Weg-Wort vom 27. Mai 2010
Grenzerfahrungen
Kennen Sie dieses Sätzchen, das entweder als tiefe Selbsterkenntnis oder als
guter Ratschlag geäussert wird: Ich muss lernen dich abzugrenzen oder eben
Du musst halt lernen, dich abzugrenzen. Alles toll, aber dass bei all
der gut gemeinten Abgrenzerei doch nicht alles koscher ist, beweist mein
Verschreiber oben, oder der Spruch, den ich immer mithöre, wenn von
Sich-Abgrenzen die Rede ist: Den Letzten beissen die Hunde. Irgendjemand
bezahlt die Rechnung, ich bin es sicher nicht, ich hab mich ja abgegrenzt,
geschützt. Dazu kommt die Erfahrung, dass solche, die sich so gut zu
schützen und abzugrenzen wissen, sich kaum um die Grenzen anderer kümmern.
Da gibt es Menschen, die wissen sich und ihren eigenen Arbeitsbereich sehr
gut zu schützen: Wehe, es trampt einer rein. So heilig ihnen der eigene Raum
ist, so hemmungslos spielen sie auf fremden Plätzen. Man ist ja grosszügig
und Gärtchendenken ist einem fremd.
Grenzen sind nicht so schlecht, sie halten einen zusammen, Grenzerfahrungen
sind wichtig. So, wie die KonfirmandInnen in unserm Lager auf einen ca 10m
hohen Masten, zuoberst auf die Plattform (50x50cm) geklettert und dann von
dort zu einem wenige Meter entfernten hängenden Trapez gesprungen sind.
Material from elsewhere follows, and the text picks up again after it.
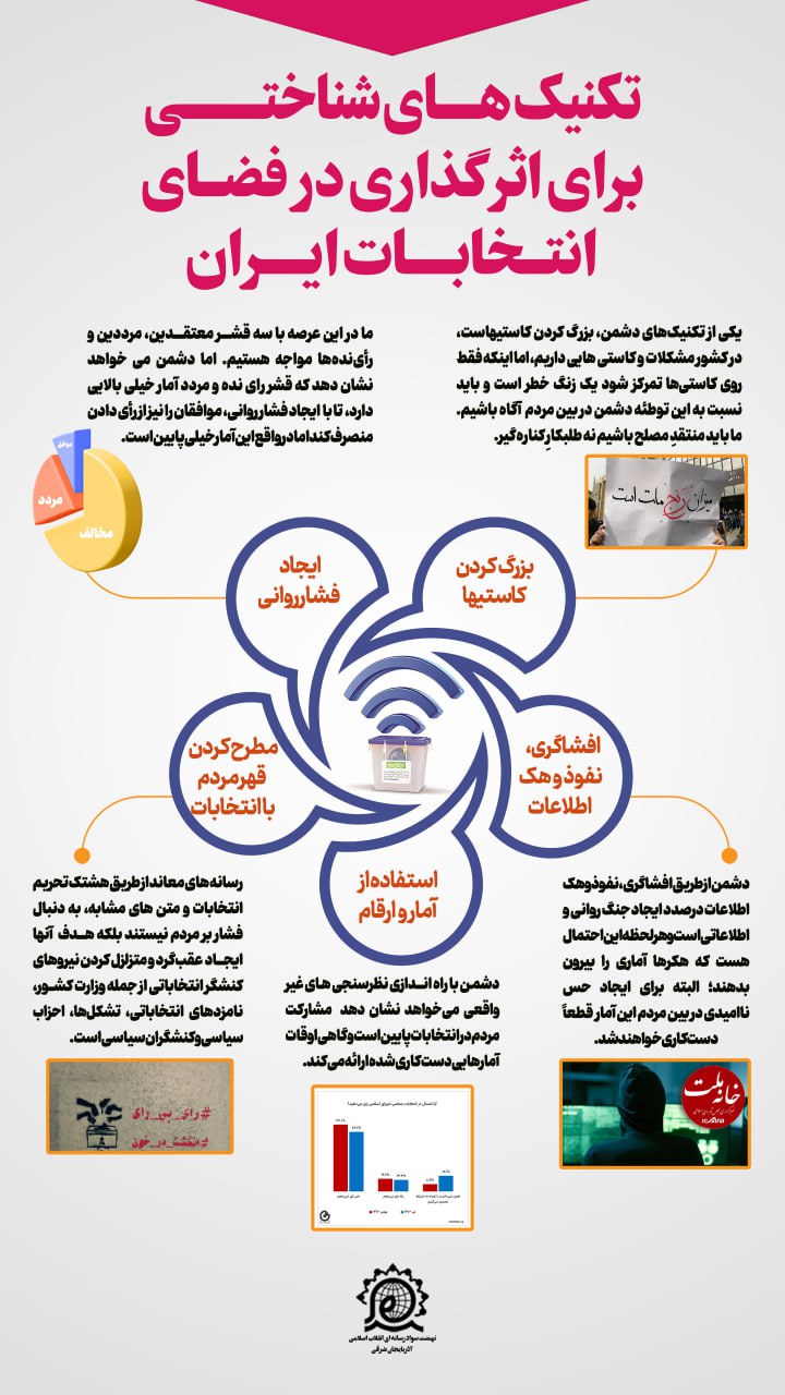 🔺قهر مردم با انتخابات، استفاده از آمار و ارقام با هدف ایجاد عملیات روانی، افشاگری، نفوذ و هک اطلاعات، بزرگ کردن کاستیها از جمله تکنیکهای شناختی رسانههای معاند برای اثرگذاری در فضای انتخابات ایران است.
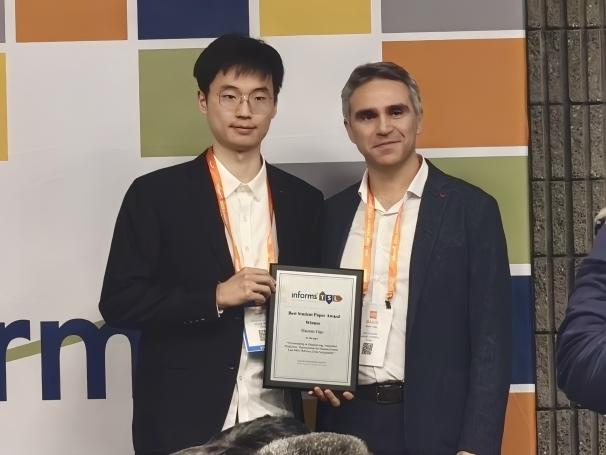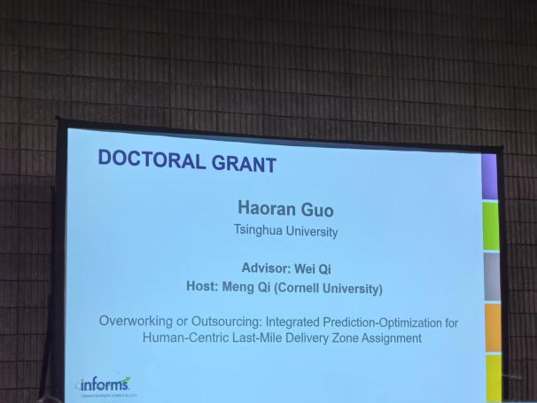 郭浩然同学以第一作者身份完成的论文Overworking or Outsourcing: Integrated Prediction-Optimization for Human-Centric Last-Mile Delivery Zone Assignment(《过劳还是外包:以人为本的最后一公里配送区域分配集成预测-优化模型》),在全球43份申请中位列第一,获得运输科学与物流(Transportation Science and Logistics, TSL)分会最佳学生论文奖。获奖论文聚焦最后一公里配送等场景中工作量波动下的加班控制问题,核心围绕“过劳”与“外包成本”的权衡,旨在解决传统先预测后优化方法中预测模型与决策目标错位导致的次优决策及员工福祉受损问题。研究将该问题构建为上下文随机优化问题,提出集成预测-优化框架,通过建立决策感知点预测模型,理论证明其具有有界超额决策风险,并开发高效实用算法。数值实验表明,该方法显著优于传统两步法,简单决策聚焦预测在决策质量上可超越复杂神经网络。基于真实配送数据集的案例研究显示,其相比传统方案减少17.29%加班时长,且不增加总决策成本。

Alle
haben es geschafft ausser einem, und der machte die Erfahrung, dass er, als
er vom Podest aus sprang und das Trapez verfehlte, nicht zu Boden stürzte,
sondern in die Sicherung. Er wurde gehalten.
Solche Grenzerfahungen sind wichtig, die bringen einen weiter, weil es da um
die Entwicklung der eigenen Person geht, um mehr von sich kennen zu lernen.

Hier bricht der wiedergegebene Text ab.